Titanium-free alloy

Abstract

Titanium-free alloy which has great resistance to pitting and crevice corrosion and a high yield point in the strain-hardened state and includes (in wt %) a maximum of 0.02% C, a maximum of 0.01% S, a maximum of 0.03% N, 20.0-23.0% Cr, 39.0-44.0% Ni, 0.4-<1.0% Mn, 0.1-<0.5% Si, >4.0-<7.0% Mo, a maximum of 0.15% Nb, >1.5-<2.5% Cu, 0.05-<0.3% Al, a maximum of 0.5% Co, 0.001-<0.005% B, 0.005-<0.015% Mg, the remainder consisting of Fe and smelting-related impurities.

Description

CROSS REFERENCE TO RELATED APPLICATIONS

This application is the National Stage of PCT/DE2015/000053 filed on Feb. 10, 2015, which claims priority under 35 U.S.C. § 119 of German Application Nos. 10 2014 002 402.4 filed on Feb. 13, 2014 and 10 2014 002 693.0 filed on Feb. 28, 2014, the disclosures of which are incorporated by reference. The international application under PCT article 21(2) was not published in English.

The invention relates to a titanium-free alloy with high pitting and crevice corrosion resistance as well as high offset yield strength and tensile strength in the cold-worked condition.

The high-corrosion-resistant material Alloy 825 is used for critical applications in the chemical industry and in the offshore technology. It is marketed under the material number 2.4858 and has the following chemical composition: C≤0.025%, S≤0.015%, Cr 19.5-23.5%, Ni 28-46%, Mn≤1%, Si≤0.5%, Mo 2.5-3.5%, Ti 0.6-1.2%, Cu 1.5-3%, Al≤0.2%, Co≤1%, Fe the rest.

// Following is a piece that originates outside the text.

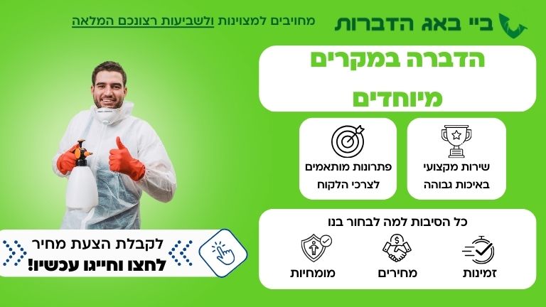 המורכבות והאתגרים המיוחדים בטיפולי הדברה במקרים מיוחדים מדגישים את החשיבות הקריטית של פנייה לאיש מקצוע מוסמך. שירותי הדברה מקצועיים מבטיחים לא רק את יעילות הטיפול, אלא גם את בטיחות המבנה, הסביבה והאנשים. המומחיות הנדרשת בכל אחד מהתחומים המיוחדים – ממבנים היסטוריים ועד מוסדות רפואיים – מחייבת ידע מעמיק, ניסיון רב וגישה מותאמת אישית. רק מדביר מקצועי יכול להעריך נכונה את המצב, לבחור בשיטות הטיפול המתאימות ביותר, ולבצע את העבודה תוך הקפדה על כל התקנים והדרישות הרגולטוריות. השקעה בשירותי הדברה מקצועיים היא הדרך הבטוחה והיעילה ביותר להבטיח תוצאות מיטביות לטווח ארוך.

For new applications in the oil and gas industry, the pitting and crevice corrosion resistance (problem 1) as well as the offset yield strength and tensile strength (problem 2) are too low.

As regards the low chromium and molybdenum content, Alloy 825 has only a relatively low effective sum (PRE=1×% Cr+3.3×% Mo). By the effective sum PRE, the person skilled in the art understands the Pitting Resistance Equivalent.

The alloy that is Alloy 825 is a titanium-stabilized alloy. However, titanium may lead to problems, especially in continuous casting, since it reacts with the SiO₂ of the casting powder (problem 3). It would be desirable to avoid the element titanium, but that would lead to a significant increase of the edge-cracking tendency.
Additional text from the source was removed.